Why This Is Important for Patients
For patients, diagnostic delay in ILD can be frustrating and concerning. Symptoms often progress slowly, and the path to diagnosis may involve repeated appointments, imaging scans, breathing tests, and specialist referrals. A noninvasive breath test could one day shorten this path.
Because the study included multiple international expert centers, the results are more generalizable than those from a single hospital. This matters because breath profiles can be influenced by differences in equipment, patient selection, treatment patterns, and local practice. Demonstrating reproducible performance across centers is therefore a major step toward real-world use.

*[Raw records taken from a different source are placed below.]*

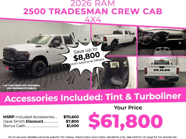 Cold Weather Group: Engine Block Heater; MOPAR Winter Front Grille Cover. Tradesman Level 1 Equipment Group: Google Android Auto; SiriusXM Radio Service; For Details. Visit DriveUconnect.com; For More Info. Call 800-643-2112; Integrated Voice Command with Bluetooth; Emergency Vehicle Alert System (EVAS); Manual Folding Exterior Mirrors; 12 Touchscreen Display; Auto Power-Folding Mirrors; 4 Way Front Headrests; Front Armrest with Cupholders; Anti-Spin Differential Rear Axle; Remote USB Port - Charge Only; Manual Adjust 4-Way Front Passenger Seat; Mirror Running Lights; Exterior 115V AC Outlet; Alexa Built-In; Apple CarPlay; Power-Adjustable Convex Aux Mirrors; Forward and Reverse Utility Lights; Cloth 40/20/40 Bench Seat; Disassociated Touchscreen Display; Storage Tray; 115-Volt Auxiliary Front Power Outlet; Rear View Auto Dim Mirror; 40/20/40 Split Bench Seat; Rear Power Sliding Window; Connectivity - US/Canada; Rear Folding Seat; Tinted Acoustic Windshield Glass; GPS Navigation; 4G LTE Wi-Fi Hot Spot; GPS Antenna Input; Exterior Mirrors with Heating Element; MOPAR Black Tubular Side Steps; SiriusXM with 360L; Global Telematics Box Module; Connected Travel and Traffic Services; Black Exterior Mirrors; 2 Way Rear Headrest Seat; Carpet Floor Covering; Off-Road Info Pages; Selectable Tire Fill Alert; Trailer Tow Pages; 400W Inverter; HD Radio; Power Heated Folding Telescope Mirrors; Uconnect 5 Navigation with 12.0 Display Radio; Exterior Mirrors with Supplemental Signals; Exterior Mirrors Courtesy Lamps; Air Conditioning ATC with Dual Zone Control; Manual Adjust 4-Way Driver Seat; Manuarl Telescoping Mirrors; Power Adjust Mirrors; Power Telescoping Mirrors; Front and Rear Floor Mats; ParkSense Front/rear Park Assist System. Convenience Group. Quick Order Package 24A Tradesman. MOPAR Black Tubular Side Steps. Anti-Spin Differential Rear Axle. Cloth 40/20/40 Bench Seat. 50 Gallon Fuel Tank. **Equipment listed is based on original vehicle build and subject to change. Please confirm the accuracy of the included equipment by calling the dealer prior to purchase.**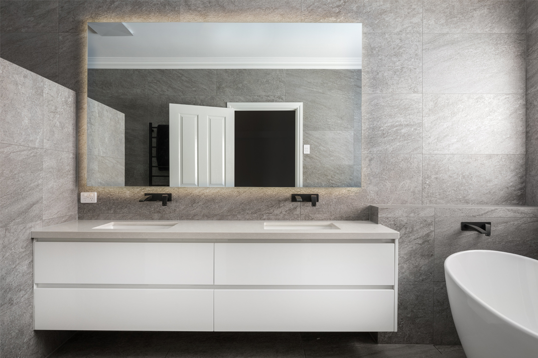 With its sleek minimalist look and key statement features, this kitchen is the central entertaining hub of the home. Catering to the clients’ love for natural materials, Kre8 Constructions WA revamped the existing jarrah floors and added a marble finish to the splashback and island bench. The space is now modern and sleek, with visual depth, alluring texture and an inviting warmth.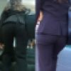 バックショットのお尻ではアソコの毛がはみ出てます。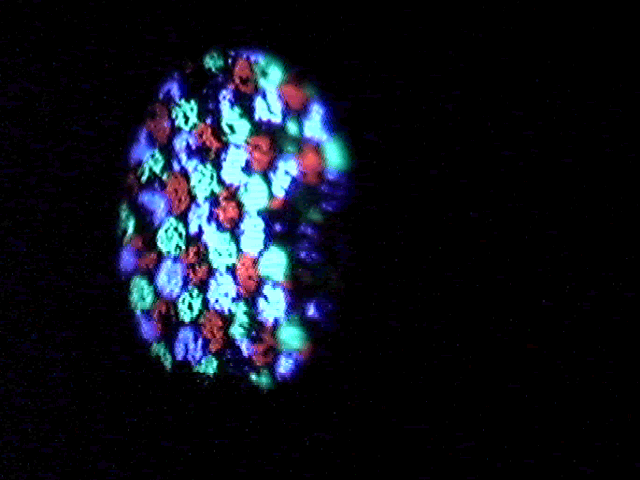 An actual visible-light photograph of the luminescence of a small group of phosphors from a computer video display unit. In this case the luminescence was excited by bombardment from 3 MeV protons.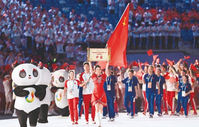 2023年7月28日,第31屆世界大學(xué)生夏季運(yùn)動(dòng)會(huì)開幕式在成都東安湖體育公園主體育場(chǎng)舉行。圖為中國(guó)大學(xué)生體育代表團(tuán)在開幕式上入場(chǎng)。 新華社記者 王曦/攝
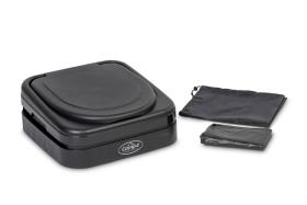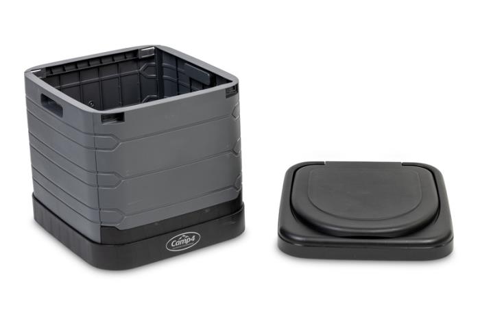 Faltbare Campingtoilette in schwarz / grau. Schnell und einfach aufgebaut, ca. 1 Minute Aufbauzeit. Belastbarkeit bis zu 150 kg. Material: PP. Dank des Faltmechanismus und der praktischen Tragetasche lässt sich die Campingtoilette platzsparend verstauen.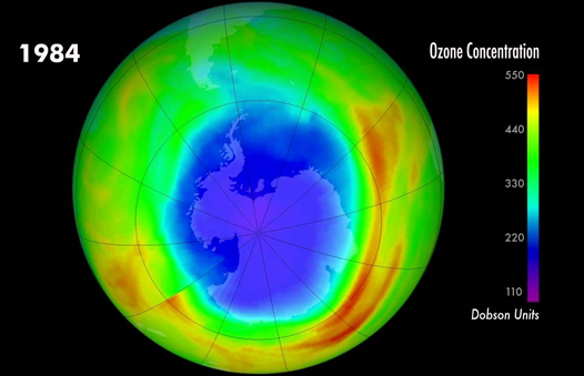 Stratospheric ozone normally fluctuates throughout the year due to changes in temperature, season and the action of winds such as the polar vortex moving air around even high up in the atmosphere. However, in the 1970s some chemists at the University of California published a scientific paper pointing out a bit of an issue. Chlorofluorocarbon gases (CFCs) when reaching the stratosphere were broken down by UV light into a variety of substances including chlorine which destroys ozone. In fact one chorine atom had the potential to destroy over 100,000 ozone molecules.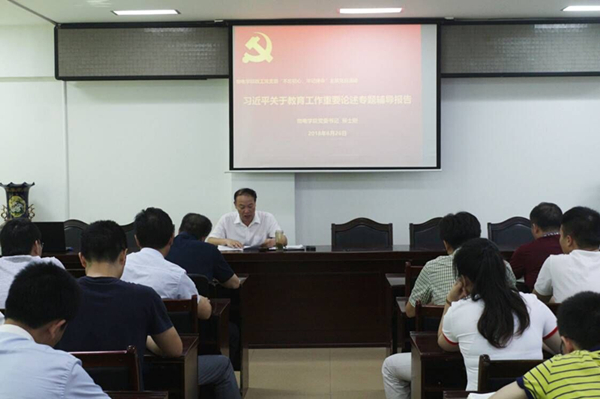 6月26日下午,学院党委书记柳士刚在理科楼511会议室为教工一支部、教工二支部党员做了习近平关于教育工作重要论述专题辅导报告。报告从七个方面对习近平关于教育工作重要论述进行了解读:1、教育本质:教育决定着人类未来;2、教育战略:坚定实施科教兴国战略,始终把教育摆在优先发展的战略地位;3、坚持办学正确政治方向;4、教育的根本任务:立德树人,学校要承担好立德树人、教书育人的神圣职责;5、教育理想:走自己的道路,牢记“四个服务”,发展具有中国特色、世界水平的现代教育;6、教师队伍保障:塑造灵魂,家国情怀;7、把提高人才培养质量作为工作重点。通过专题辅导报告,教工党员学习了新思想新观点新要求,深刻领会了我国教育改革发展的目标、方向和中国特色社会主义教育的本质和发展规律。促进教工党员努力做好现阶段教育改革发展的各项工作,为实现“两个一百年”奋斗目标和中华民族伟大复兴的中国梦作出应有贡献。

Limitations and Next Steps
Although the results are promising, several limitations should be kept in mind. First, the study was performed in expert centers, where patients typically have more complex disease and where diagnostic standards are high. Performance may differ in community hospitals or in earlier-stage disease.
Second, eNose technology is pattern-based. It does not identify the exact chemical compounds responsible for the signal, so the biological mechanisms behind the breath signatures remain only partially understood. Future studies may combine eNose screening with detailed chemical analysis of VOCs to better explain what the sensors are detecting.

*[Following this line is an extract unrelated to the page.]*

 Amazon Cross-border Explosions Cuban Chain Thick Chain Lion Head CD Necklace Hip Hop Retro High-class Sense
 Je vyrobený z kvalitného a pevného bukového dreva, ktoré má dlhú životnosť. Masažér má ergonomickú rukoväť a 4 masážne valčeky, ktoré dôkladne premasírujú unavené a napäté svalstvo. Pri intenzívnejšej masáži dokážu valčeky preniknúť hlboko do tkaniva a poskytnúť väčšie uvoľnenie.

Third, before broad clinical adoption, the technology will need further prospective validation, standardized testing procedures, and evidence that it changes clinical decision-making or improves outcomes. Cost-effectiveness, ease of implementation, and long-term reproducibility will also matter.
Bottom Line
This international validation study shows that electronic nose technology can accurately distinguish breath profiles from patients with different fibrotic interstitial lung diseases. The findings suggest that eNose testing could become a useful, easy-to-use supportive tool in the diagnosis of fILDs. While it is not ready to replace established diagnostic methods, it represents a promising step toward faster, less invasive, and more personalized lung disease care.